Transcending the Bodys Limitations Mind, Cave and Divided Line

Although a philosopher, the best way to characterize Platos analytical approach in the Allegory of the Cave and the Divided Line is as a medical doctor diagnosing an illness, identifying the causes of that illness, and prescribing a suitable treatment in order to alleviate or otherwise eradicate that illness.  The illness is ignorant state of the human mind when it relies on nothing more than the senses to make judgments about the external environment.  The causes are misperceptions caused by a false belief in images that do not, in fact, constitute actual reality and a lack of proper education through which those false perceptions might be remedies.  The illness and the causes are most clearly illustrated by Plato in the Allegory of the Cave whereas the prescribed treatment is more specifically set forth in the Divided Line dialogue.  This treatment envisions a type of mental therapy in which the higher intellectual capacities of the human mind can be employed in order to be cured of the state of ignorance and to reach a healthy state of understanding and enlightenment.  In order to demonstrate this thesis, that Plato is essentially proposing a solution for a problem in these two dialogues, this paper will examine the nature of human ignorance, its consequences, and how understanding and enlightenment can be obtained by transcending the physical constraints of the bodys reliance of sensory perceptions through intellectual means and intellectual development.

    As an initial matter, Plato defines the problem as one of ignorance or an unenlightened state in the human mind.  He represents this ignorance in the form of the caves darkness.  The prisoners are portrayed as physical beings wholly reliant upon their senses for stimulation and perception.  Thus, they believe that what they can hear or see is an accurate representing of physical things and the world in which they exist.  The reader knows, however, what is unknown to the prisoners.  Specifically, the prisoners are looking at shadows rather than the real objects.  Plato characterizes these shadows as images or representations of reality.  The implication is that human beings, through the physical senses, cannot ever escape this state of ignorance.  Plato is thereby suggesting that distinctions be made between the physical body and the mental abilities of the human mind.  The illness, to be sure, is an inability to grasp or to understand the real world.  This disease, however, is not fatal.  Indeed, Plato states that ignorance can be cured if they are allowed to escape from a dependence on the senses and the consequent shadows.  He does this by having the prisoners leave the cave and walk up to the caves entrance.  Outside, in the sunlight, the prisoners recognize that they have been misled and that their external world was far different than they had ever imagined when trapped in the bowels of the cave.  The Allegory of the Cave, in effect, serves several purposes for Plato in terms of creating an analytical framework for understanding and pursuing knowledge through understanding.  The first purpose is to demonstrate the knowledge transcends sensory perceptions.  There must therefore be higher cognitive powers needed to understand the world accurately.  A dependence on the senses dooms the human being to a constant state of ignorance.  The second purpose is to argue that it is possible for the human mind to identify these false images, to reject them as being misleading, and to find a road to real understanding and verifiable types of knowledge.  These highest truths, also referred to as the forms by Plato, are fixed and permanent laws or facts of the external world.  It is hear, the disease of ignorance having been identified along with its main causes, that it is necessary to examine how the divided line functions as a type of prescribed treatment to lift the human being out of the state of ignorance.

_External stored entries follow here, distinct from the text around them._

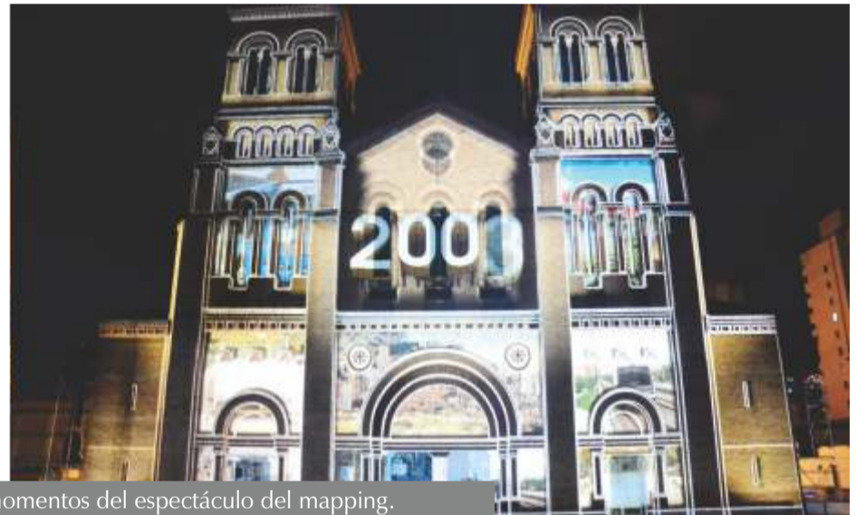
Diferentes momentos del espectáculo del mapping.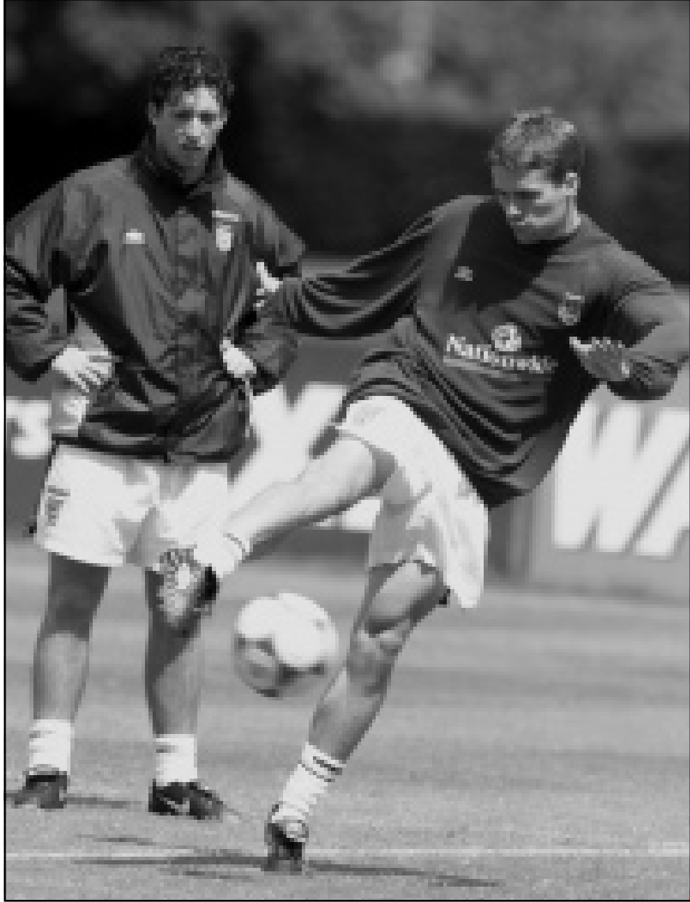
لاعب منتخب انكلترا مايكل اوين (الي المين) خلال التدريب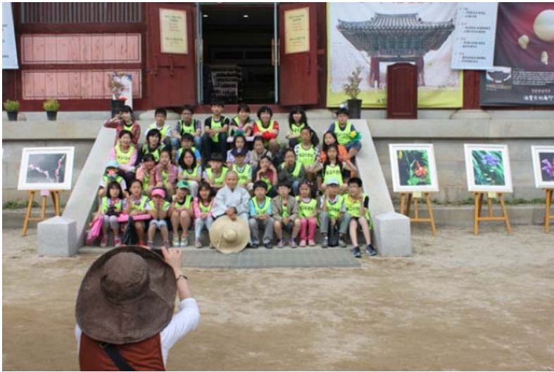
Ni cô với các “họa sĩ” tí hon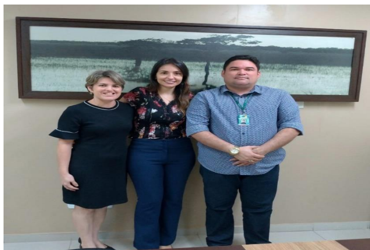
CAOP-IJE discute tratativas com a Promotoria de justiça de Vitória do Jari para a implantação do Serviço Família Acolhedora.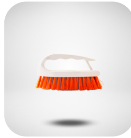
CEPILLO ERGONOMICO PARA LLANTAS, 1 PIEZA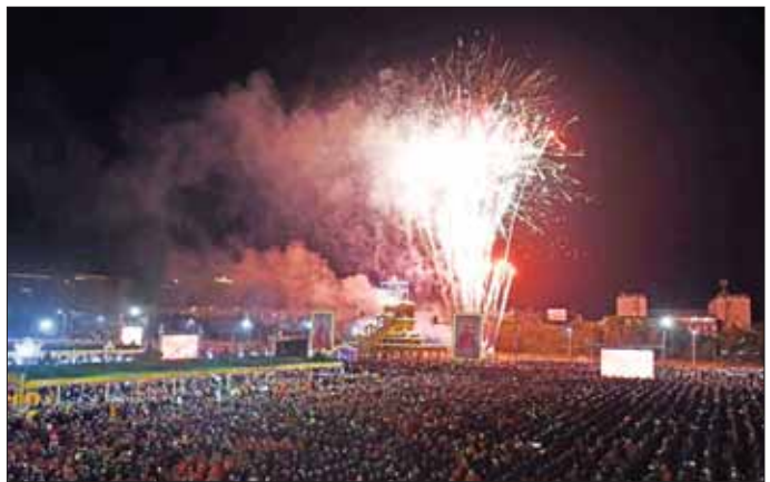
ဗန်းမော်ဆရာတော်ဘုရားကြီး၏ ဥတုဇရုပ်ကလာပ်တော်အား အဂ္ဂိဈာပန တေဇောဓာတ်ဖြင့်ပူဇော်စဉ်။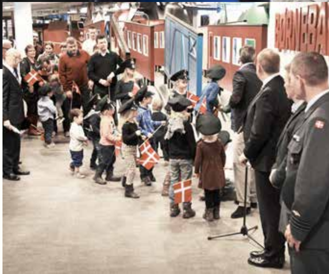
▲ Danmarks Jernbanemuseum.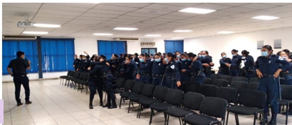
I19: Alumnas de la P-127 en cinefórum, marzo 2022.

“las mujeres debemos caminar con certeza de que somos capaces de salir adelante por nuestros propios medios”.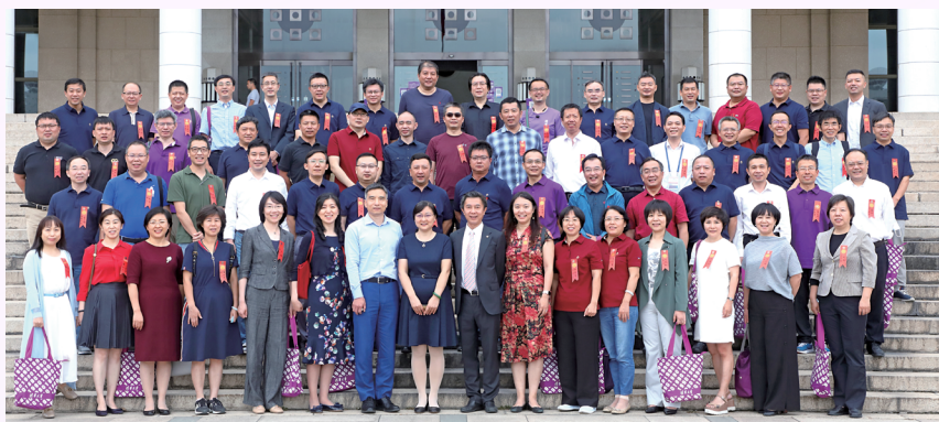
▶ 1990级入学三十 周年纪念大会举行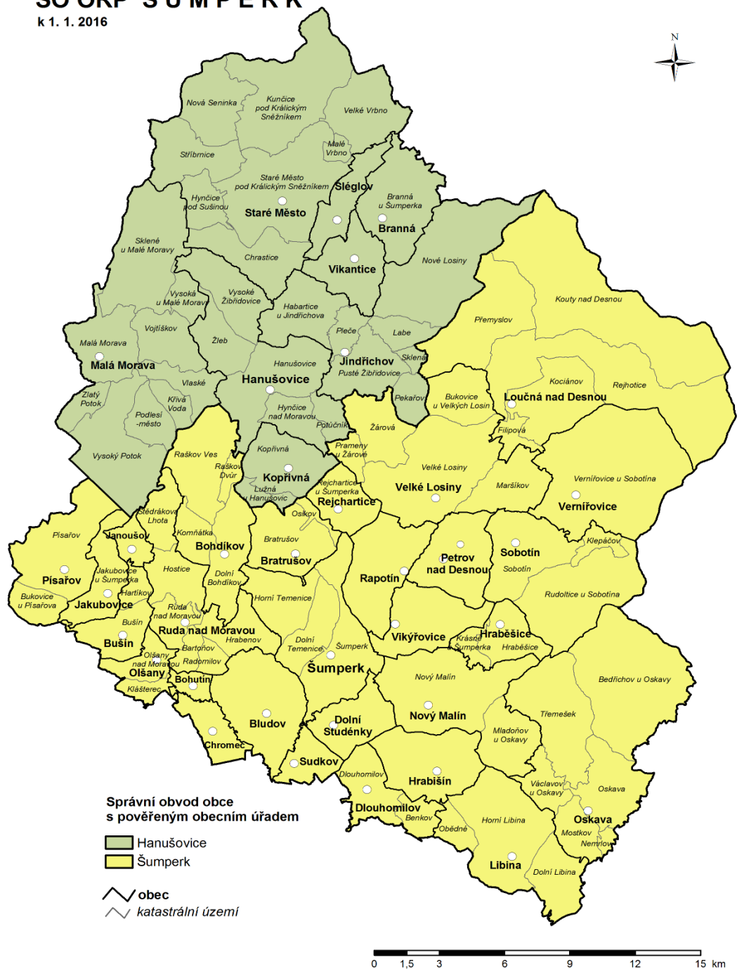
Obrázek 3: Administrativní mapa SO ORP Šumperk

    Plato describes through the divided line a series of different types of intellectual activity.  More particularly, these different types of intellectual activity co-exist along a continuum ranging from ignorance to enlightenment and knowledge.  By educating people about these different steps, not directly but by helping them to progress mentally, the ignorance of the cave can be escaped and human beings can transcend the limits of their physical bodies.  The first type of intellectual state on the divided line is an imagining state.  This state is informed by the senses and perceives images rather than reality.  The caves prisoners were in this state while watching the shadows.  The second type of intellectual state is belief.  This is where ideas become conceptualized and adhered to without subsequent analysis or testing.  Human beings may therefore belief without any evidence or any verifiable reasons.  This type of verification and testing arises in the third mental state.  This third state is a critical thinking process and it is here that ignorance can be most clearly revealed.  Thought is about testing theories in a methodical way and even about creating models for testing purposes.  Mathematics, for instance, can be created and tested as a potential truth in and of itself or in order to test the veracity of other beliefs.  The fourth state is what Plato views as understanding. 
Understanding is a true vision and knowledge about the outside world and the things being viewed or considered.  Plato envisions absolute truths and the human mind is capable of discerning these truths only through higher mental processes.  Gaining this knowledge is not inevitable, as the prisoners in the cave attest, but Plato argues that enlightenment and the escape of ignorance are possible.

    In conclusion, Plato uses the Allegory of the Cave to present the problem of ignorance among human beings and to show how that ignorance is caused.  He then addresses this problem by proposing a solution.  The Divided line is then cleverly used to present the potential of the human mind and how it might be used in a progressively sophisticated manner in order to find the true nature and knowledge of the world.